▸ What to work on
Repeat every record below exactly, but leave out any pictures.

[[ Information given, beginning ]]

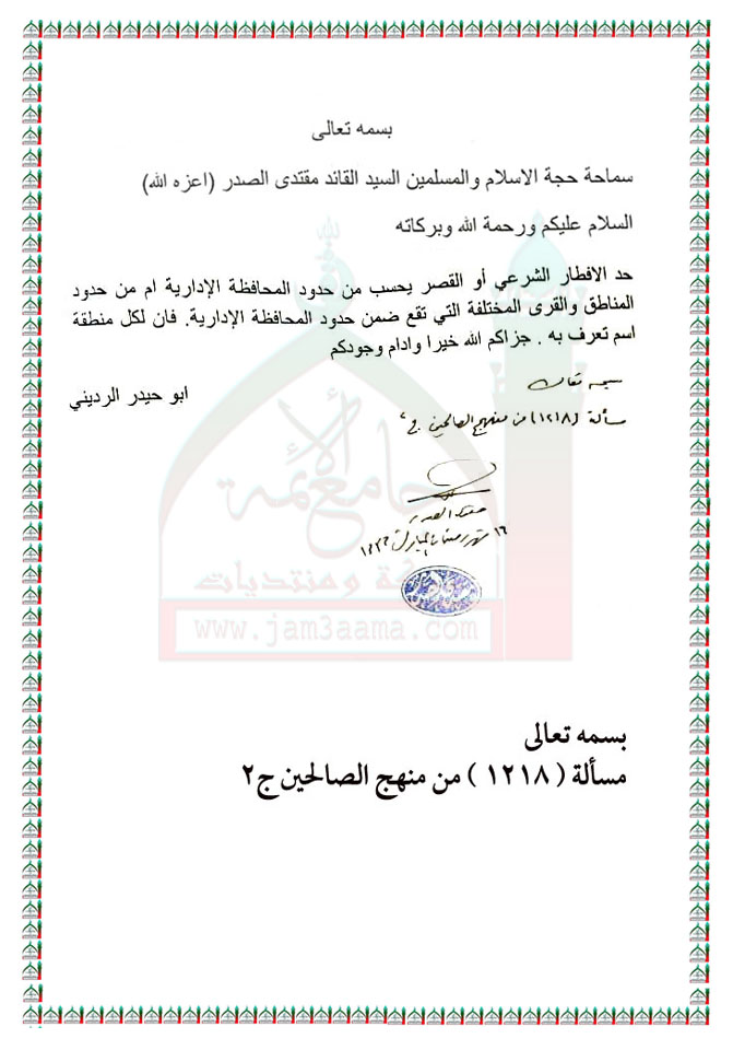 كيفية حساب حد الترخص استفتاء السيد القائد مقتدى الصدر اعزه الله 3 - 7 - 2015
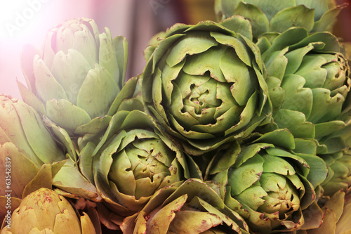 © hafakot, Obraz premium Fresh artichokes on a farmers market
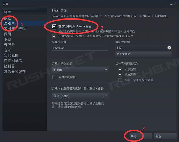 如果是设置问题,那么只要重新设置即可,打开Steam客户端,点击左上角“Steam”,然后点击“设置”,在设置窗口界面,点击“游戏中”栏,然后勾选“在游戏中启用Steam界面”,点击确定保存设置,之后重启游戏就可以正常购买付款了。
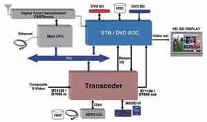 轉(zhuǎn)碼硬件必須與整個(gè)STB系統(tǒng)中的其他系統(tǒng)進(jìn)行良好交互,其中包括數(shù)字調(diào)諧器、解多路復(fù)用器 (Demuxer)和解調(diào)器、DDR2存儲(chǔ)器、PCI總線,以及向STB
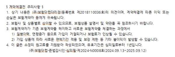 참고로 병력을 가지고 있는 사람이라면 유병자보험 상품을 고려해 볼 수 있다. 유병자보험은 간편심사보험이라 칭하는데, 유병력자에 대한 가입조건이 보다 완화된 상품인 만큼 유병자라면 검토해 보는 것이 권장된다. 단, 가입 시 고지의무 준수는 필수적이므로 추후에 불이익이 발생하지 않도록 주의를 기울여야 한다.
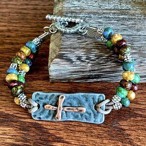 Distinctive rustic hammered metal cross charm is accented with colorful Picasso Czech glass beads strung onto genuine leather cord and secured with an antiqued silver pewter toggle clasp. The bracelet is sized for small to medium wrists and is 7 1/2 inches long. Designed and handcrafted by me. Gift box and organza jewelry bag included for gift giving or safe keeping.
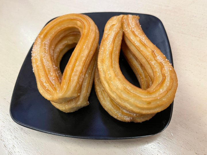 Breakfast at the local bar El Negrillón. Enjoying tasteful churros!
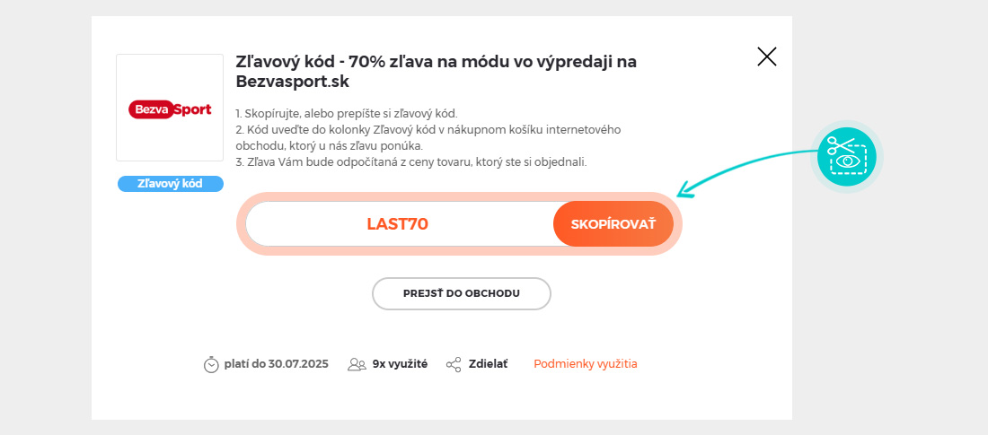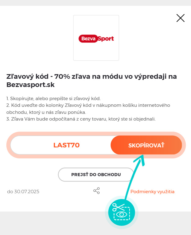 Skopírujte alebo si odpíšte zľavový kód a kliknite na tlačidlo „Prejsť do obchodu“. Následne budete presmerovaný priamo do e-shopu Bezvasport.sk.
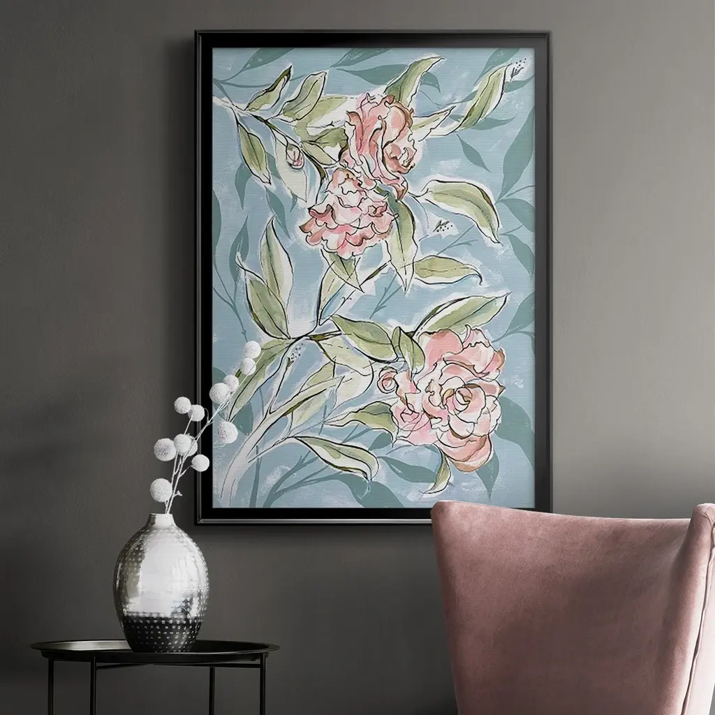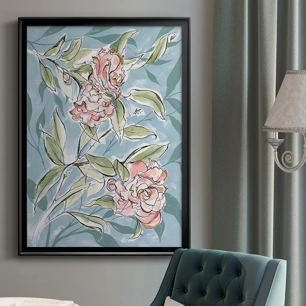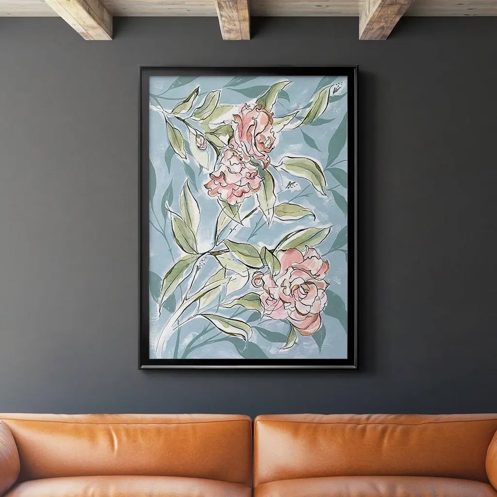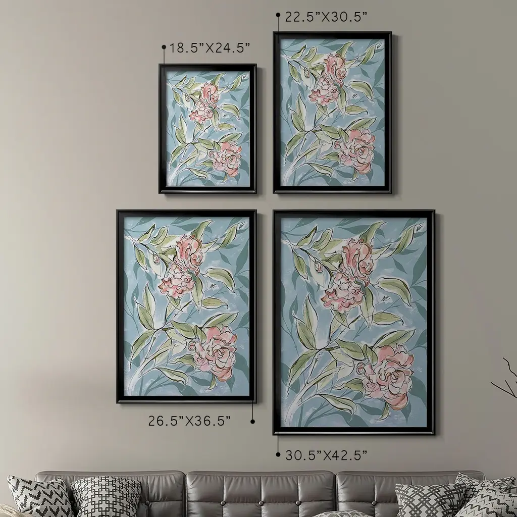 Faded Camellias I Premium Framed Print - Ready to Hang A Premium Framed Print created to last. Framed in distressed wood and available in an array of sizes and colors Featuring a beveled a solid wood stretcher bar, each piece comes ready to hand 4 SIZES AVAILABLE 30.5''X42.5'' - Overall Size 26.5'X36.5'' - Overall Size 22.5''x30.5'' - Overall Size 18.5''x24.5'' - Overall Size Each piece is made to order. Each piece comes with hanging hardware. Made in the USA Ready to Hang
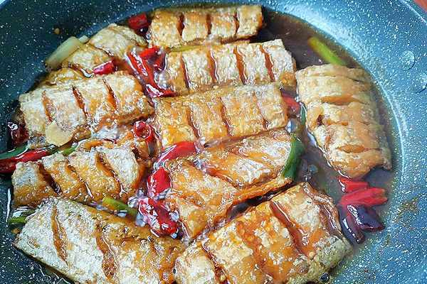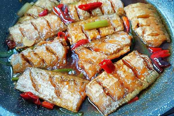 在我們家,吃得最多的還屬帶魚!帶魚經過醃制,油炸,然後再燉一下,醬汁滲透進魚肉裏,變得很香很入味,我家"神獸"喜歡的不得了。
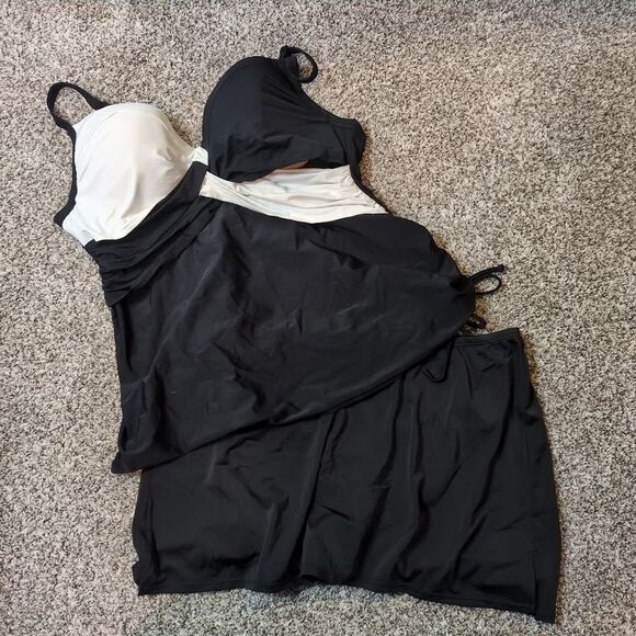 Lane Bryant Tankini Swim Top and Skirt Black White size 40 DD Women's
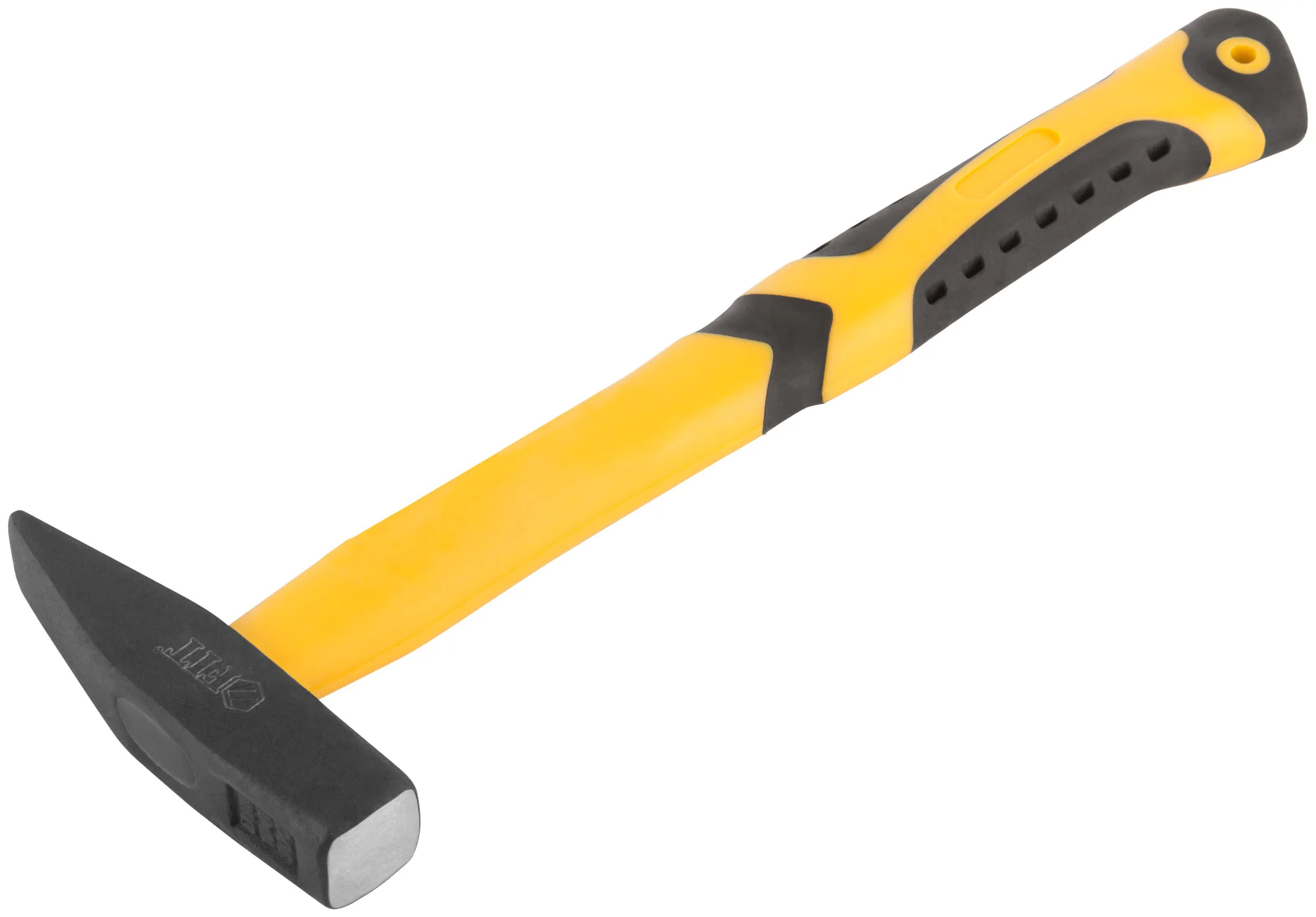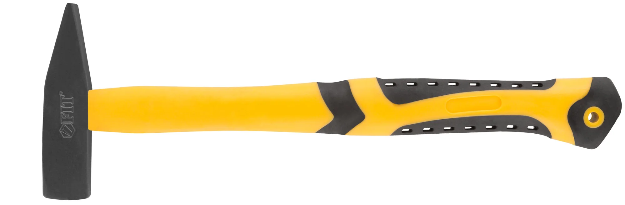 Молоток изготовлен из кованой инструментальной стали с черным порошковым покрытием, что обеспечивает его прочность и долговечность. Фиберглассовая прорезиненная ручка усилена пластиком, что делает ее надежной и устойчивой к внешним воздействиям. Антивибрационные накладки на ручке эффективно поглощают колебания, возникающие при работе, снижая нагрузку на руки мастера.
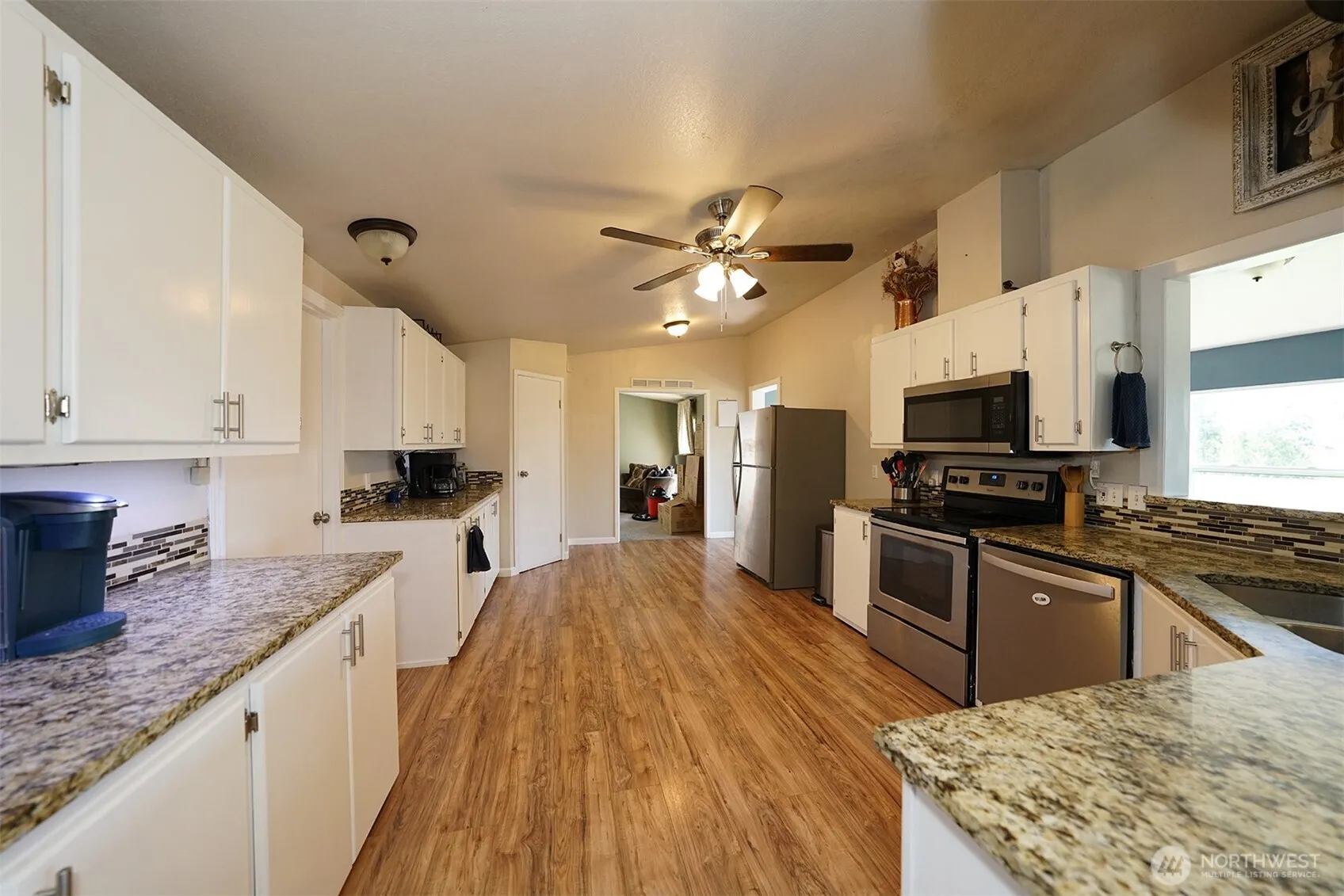 Set on 7.8 acres, this 2,166 sq ft triple-wide home offers the ideal blend of space, function, and comfort. Built in 1997, it features 3 bedrooms, 1.75 bathrooms, plus a versatile bonus room. The spacious kitchen is equipped with stainless steel appliances and granite countertops, providing both practicality and style. The primary suite includes a beautifully tiled walk-in shower. The home is climate-controlled with both forced air heat and a heat pump for efficient air conditioning. Outside, an 864 sq ft two-bay shop/detached garage adds valuable utility for projects, storage, or parking. There’s a great Smoke House for curing meat too. Whether you’re hosting friends or winding down after a long day, the expansive patio is a standout.

[[ Information given, end ]]

▸ Exercise solution
 كيفية حساب حد الترخص استفتاء السيد القائد مقتدى الصدر اعزه الله 3 - 7 - 2015
 © hafakot, Obraz premium Fresh artichokes on a farmers market
 如果是设置问题,那么只要重新设置即可,打开Steam客户端,点击左上角“Steam”,然后点击“设置”,在设置窗口界面,点击“游戏中”栏,然后勾选“在游戏中启用Steam界面”,点击确定保存设置,之后重启游戏就可以正常购买付款了。
 轉(zhuǎn)碼硬件必須與整個(gè)STB系統(tǒng)中的其他系統(tǒng)進(jìn)行良好交互,其中包括數(shù)字調(diào)諧器、解多路復(fù)用器 (Demuxer)和解調(diào)器、DDR2存儲(chǔ)器、PCI總線,以及向STB
 참고로 병력을 가지고 있는 사람이라면 유병자보험 상품을 고려해 볼 수 있다. 유병자보험은 간편심사보험이라 칭하는데, 유병력자에 대한 가입조건이 보다 완화된 상품인 만큼 유병자라면 검토해 보는 것이 권장된다. 단, 가입 시 고지의무 준수는 필수적이므로 추후에 불이익이 발생하지 않도록 주의를 기울여야 한다.
 Distinctive rustic hammered metal cross charm is accented with colorful Picasso Czech glass beads strung onto genuine leather cord and secured with an antiqued silver pewter toggle clasp. The bracelet is sized for small to medium wrists and is 7 1/2 inches long. Designed and handcrafted by me. Gift box and organza jewelry bag included for gift giving or safe keeping.
 Breakfast at the local bar El Negrillón. Enjoying tasteful churros!
 Skopírujte alebo si odpíšte zľavový kód a kliknite na tlačidlo „Prejsť do obchodu“. Následne budete presmerovaný priamo do e-shopu Bezvasport.sk.
 Faded Camellias I Premium Framed Print - Ready to Hang A Premium Framed Print created to last. Framed in distressed wood and available in an array of sizes and colors Featuring a beveled a solid wood stretcher bar, each piece comes ready to hand 4 SIZES AVAILABLE 30.5''X42.5'' - Overall Size 26.5'X36.5'' - Overall Size 22.5''x30.5'' - Overall Size 18.5''x24.5'' - Overall Size Each piece is made to order. Each piece comes with hanging hardware. Made in the USA Ready to Hang
 在我們家,吃得最多的還屬帶魚!帶魚經過醃制,油炸,然後再燉一下,醬汁滲透進魚肉裏,變得很香很入味,我家"神獸"喜歡的不得了。
 Lane Bryant Tankini Swim Top and Skirt Black White size 40 DD Women's
 Молоток изготовлен из кованой инструментальной стали с черным порошковым покрытием, что обеспечивает его прочность и долговечность. Фиберглассовая прорезиненная ручка усилена пластиком, что делает ее надежной и устойчивой к внешним воздействиям. Антивибрационные накладки на ручке эффективно поглощают колебания, возникающие при работе, снижая нагрузку на руки мастера.
 Set on 7.8 acres, this 2,166 sq ft triple-wide home offers the ideal blend of space, function, and comfort. Built in 1997, it features 3 bedrooms, 1.75 bathrooms, plus a versatile bonus room. The spacious kitchen is equipped with stainless steel appliances and granite countertops, providing both practicality and style. The primary suite includes a beautifully tiled walk-in shower. The home is climate-controlled with both forced air heat and a heat pump for efficient air conditioning. Outside, an 864 sq ft two-bay shop/detached garage adds valuable utility for projects, storage, or parking. There’s a great Smoke House for curing meat too. Whether you’re hosting friends or winding down after a long day, the expansive patio is a standout.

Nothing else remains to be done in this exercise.